Diane Seuss

United States

There's Always One On The Driveway, Featherless,

transparent stomach fat as a coin purse. Beak too big for its face, like a baby
wearing huge sunglasses. Tuft of white fuzz, oh darling old man. Always

one on the driveway, bankrupt, almost there but not there enough. I've seen
mama cowbird, angular in her cold-eyed flight. I like her version of love. No
heart involvement. One dies, little sack of guts on the driveway. A few live
to open their gold mouths and yearn. Long eyes glued shut. I used to wake

glue-eyed when we lived in that shack in Three Oaks. My mother would
have to wash my eyelids open with warm boric acid. What a house. The mice
leaped over the Tinker Toys with glee. I'd get up early and run across
the street to the Warburton's house. I was young enough to still be wearing

rubber pants, my nipples the size of buffalo head nickels. The delicious part
was the graham crackers and the pet bird perched on the tray of the high chair
pecking at Cheerios. We lived so close to the elementary school that my sister
could see our mother hanging clothes on the line from the playground. She'd

stand at the chain link fence wailing a stream of screaming blackbirds
out of the hole in her face that was bigger than she was. A homesick girl,
and already wasps were invading her underpants on the clothesline.
You've read Dante's Inferno.

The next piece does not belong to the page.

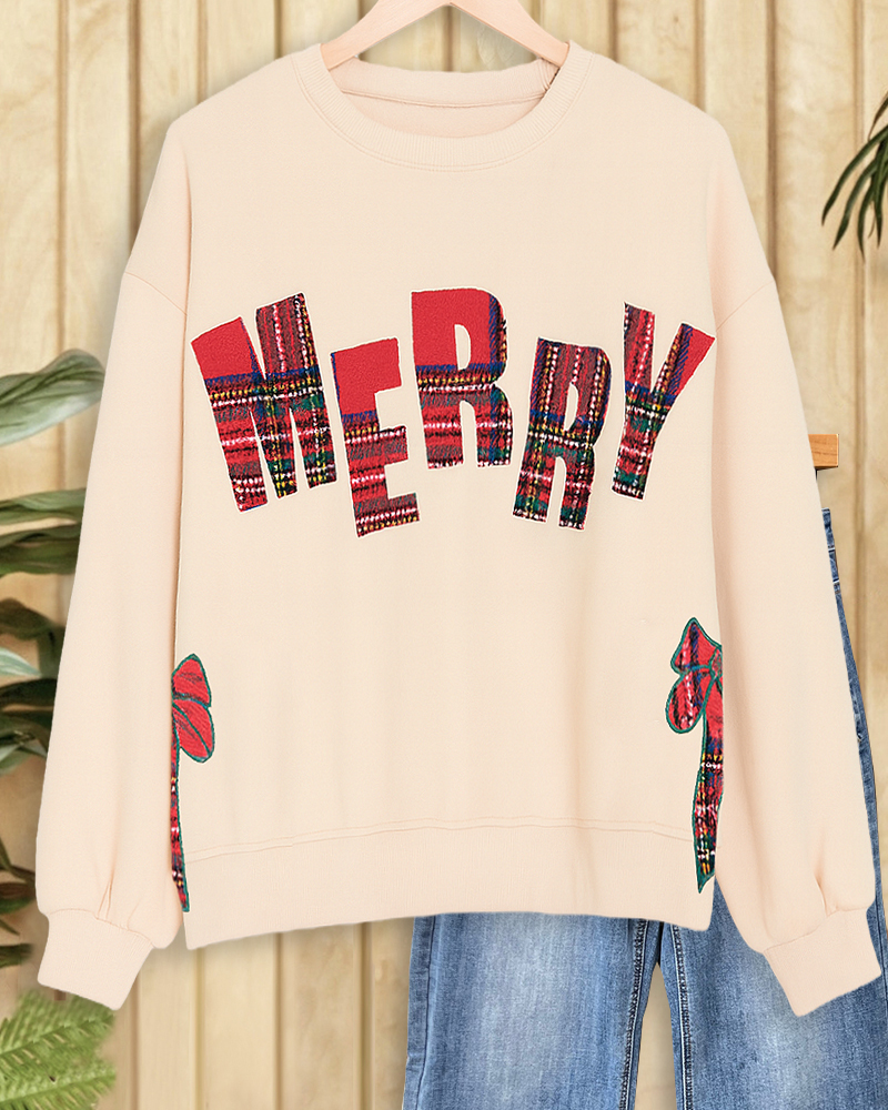 Mint Boutique Letter & Bow Applique Sweet Side Slit Sweatshirt

Meanwhile, I got goose bumps from watching

Mrs. Warburton wander around the house singing the Miss America theme
song in a half slip and bra, her orange hair combed with a Mixmaster. Don't
worry; I would enter hell soon enough, sizzling on the pavement that passed
for a playground. One slide, the stairs missing. My first science project

was on the Baltimore Oriole. I got third place because they said an adult
must have helped me bring down the nest from the tree. True. Also,
my father made the poster stand. This was just after they found his first
tumor. Who can blame him for being overly invested in his little girl's

triumph? My final science project was on the anatomy of the heart. I was
twelve, a beautiful age, proud to wear my shirttail out and call myself a slob.
My mother picked up the warm calf heart from the slaughterhouse. Set it
into my cupped hands even before she took off that ratty green jacket.

This was her way, whether she loved me or not. I fell for the word ventricle,
thankful for doom. Index finger traced the blood path, fairy tale alley
strewn with bread crumbs erased by birds.